━━━ Records for processing ━━━

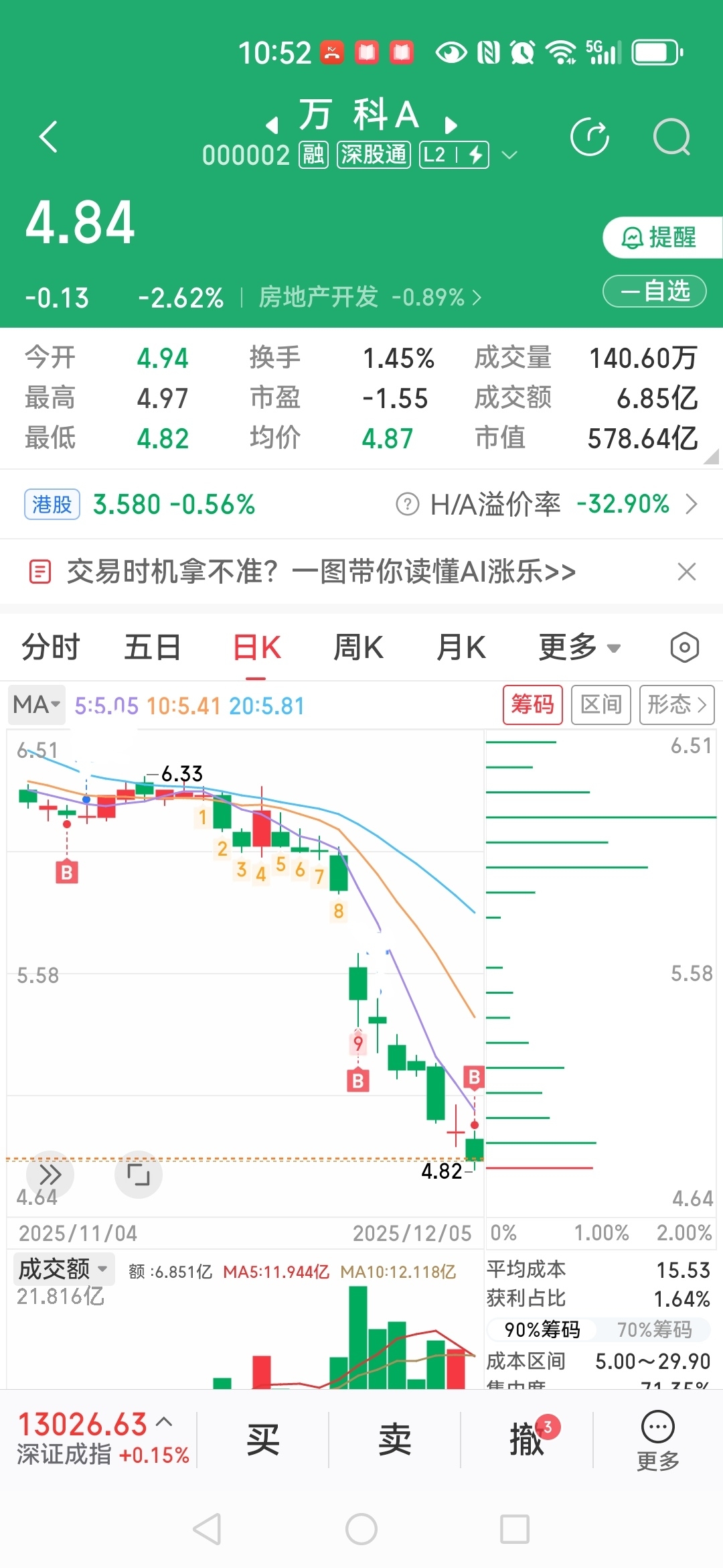 $万 科A(SZ000002)$ 能回本吗最高6.18买的,今天4.86满仓共36万股
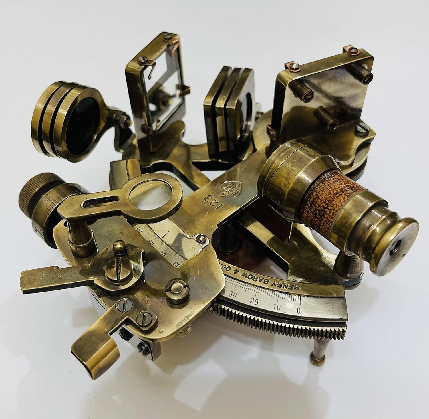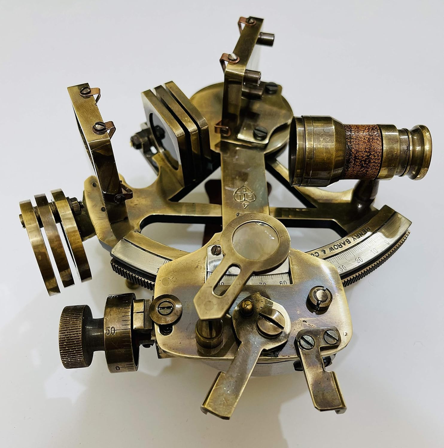 Experience the craftsmanship of classic maritime navigation with this Hand-Made Solid Brass 6" Sextant. Featuring a traditional micrometer drum, rich antique finish, and working parts, it’s a striking blend of function and decor. Whether displayed in a study, office, or ship cabin, it’s a perfect tribute to the age of exploration.
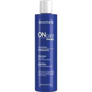 SELECTIVE PROFESSIONAL ON CARE STIMULATE SHAMPOO SZAMPON STYMULUJĄCY Pojemność: 250 ml Szampon stymulujący, zapobiegający wypadaniu włosów. Dzięki cennym czynnym składnikom o szczególnym działaniu, zawartych w nowoczesnych płynnych substancjach ONcare Stimulflux, Vitaflux oraz Defenseflux, wykazuje szczególnego rodzaju działanie myjące, przywracając równowagę naturalnych procesów fizjologicznych, zapobiega wypadaniu włosów oraz wzmacnia strukturę włosów osłabionych. Nadaje włosom zdrowy wygląd oraz zwiększa ich gęstość. Pozostałe składniki aktywne:
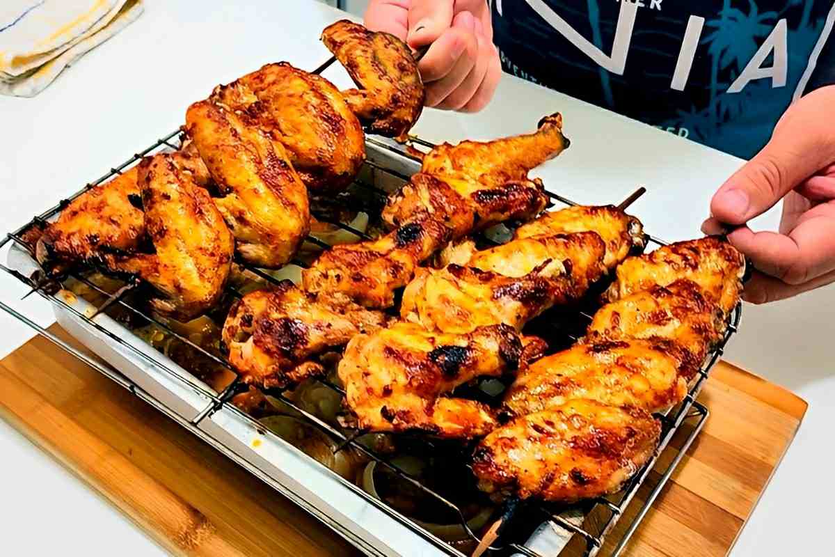 - Escorra a água do frango, pegue os palitos para espeto e vá perfurando e adicionando 4 pedaços de frango em cada espetinho. Disponha-os por cima de uma assadeira, apoiando as pontas dos palitos nos lados da assadeira, de modo que fiquem apoiados nela, uns ao lado dos outros e não no fundo da assadeira. Se tiver uma gradinha que caiba por cima da assadeira, pode usá-la também para acomodar o frango, com ou sem espetinhos. Se desejar, pode assar seu frango na churrasqueira também se desejar, pincelando o molho por todos os pedaços.
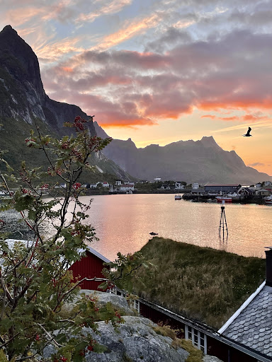 Reine, a remote fishing village in northern Norway, with just over 300 inhabitants. Here you can walk and see wooden structures used to dry the cured fish (stockfish), the rustic red wooden cabins, some with grass on the roof, others with boats stored under their structure, seagulls, all islands in the shape of mountains and the sea that surround them, thus forming part of the Lofoten archipelago. Here, in a timeframe of 3 days I saw rainbows, rain, sunsets, blue sky and the long-awaited aurora borealis. Reine is definitely a charming small village, where I left a little piece of my heart, which I hope to...

━━━

◆ Work item: Extract the lines beginning with the one that contains "- Escorra a" and ending with the last line of the listing. Keep them exact and drop the pictures.

◆ Reply to the task:
 - Escorra a água do frango, pegue os palitos para espeto e vá perfurando e adicionando 4 pedaços de frango em cada espetinho. Disponha-os por cima de uma assadeira, apoiando as pontas dos palitos nos lados da assadeira, de modo que fiquem apoiados nela, uns ao lado dos outros e não no fundo da assadeira. Se tiver uma gradinha que caiba por cima da assadeira, pode usá-la também para acomodar o frango, com ou sem espetinhos. Se desejar, pode assar seu frango na churrasqueira também se desejar, pincelando o molho por todos os pedaços.
 Reine, a remote fishing village in northern Norway, with just over 300 inhabitants. Here you can walk and see wooden structures used to dry the cured fish (stockfish), the rustic red wooden cabins, some with grass on the roof, others with boats stored under their structure, seagulls, all islands in the shape of mountains and the sea that surround them, thus forming part of the Lofoten archipelago. Here, in a timeframe of 3 days I saw rainbows, rain, sunsets, blue sky and the long-awaited aurora borealis. Reine is definitely a charming small village, where I left a little piece of my heart, which I hope to...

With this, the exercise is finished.